Clojurescript jar embeds some core libraries
The clojurescript maven artifact lists compile dependencies which include: data.json, tools.reader and transit-clj and transit-java.
However the clojurescript jar itself is something like an uberjar: It includes compiled data.json, tools.reader and transit-clj and transit-java namespaces inside itself. That means that although it declares dependencies on those libraries, when you use Clojurescript yourself, those libraries’ artifacts are not used at all (despite being on your disk and in the classpath).

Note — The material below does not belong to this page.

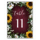 Burgundy Red Sunflower Greenery Wreath Wedding Table Number
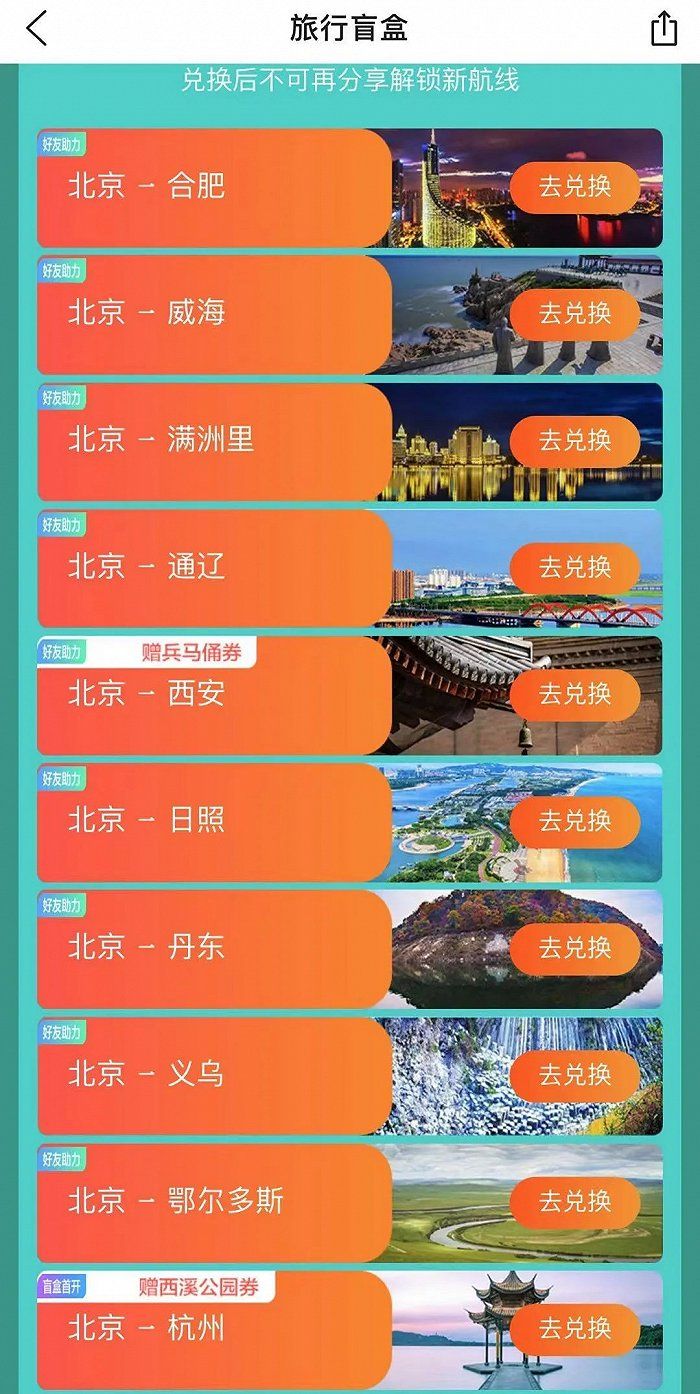 盲盒也期望通过社交渗透提高知名度,帮助活动破圈。在各家OTA推出的玩法中,也有邀请3-6人好友助力的方式,可为用户提供更多开盲盒目的地,通过社交传播带来更高的参与度。

The output of this command shows the dependencies I am referring to:
clj -Sdeps '{:deps {org.clojure/clojurescript {:mvn/version "1.11.4" } }}' -Stree
The effect is that if you want to use a different version of one of those libraries
compared to the one Clojurescript was compiled with, you can’t. Well, you can’t with the regular clojurescript
artifact, you can use the non-aot version: org.clojure/clojurescript$slim {:mvn/version “1.11.4”}
.
This was not an issue for a long time because those libraries didn’t change. Now e.g. clojure.data.json has changed, hence why I hit the problem.
A handy technique I usually use to answer the question ‘where on the classpath is namespace x.y.z getting loaded
from?’ is to call io/resource
on it. Doing that with data.json and Clojurescript in the classpath
gives result as follows:
(clojure.java.io/resource "clojure/data/json.clj")
=> ".../.m2/repository/org/clojure/data.json/2.4.0/data.json-2.4.0.jar!/clojure/data/json.clj"]
which is the wrong answer! I still don’t understand why io/resource shows the file there, whereas calling require
on that ns returns the one embedded in Clojurescript.
One might ask why I would be using Clojurescript and clojure.data.json together in the same jvm. Well, in my case, in development I tend to have my server and client dependencies combined, so I run cljs compile and server side stuff in one vm. When deploying and testing, I separate them (meaning Clojurescript jar is only on the classpath when cljs source is being compiled). It is possible to run separate server and cljs jvm’s locally of course, but that then means I can’t have a single .nrepl.edn file for example. There could be other reasons for using these 2 together though, writing data-reader functions that use json possibly.
I raised this on clojure slack and now Clojurescript’s maintainers are aware, so hopefully this gets fixed.
A fix is likely to involve shading
. This is where a library wants to use a fixed version
of another library, so it copies the sources of that library into itself, but changes
the namespaces/packages of the source library to be something different, and specific to itself.
My thanks go to Alex Miller for explaining this.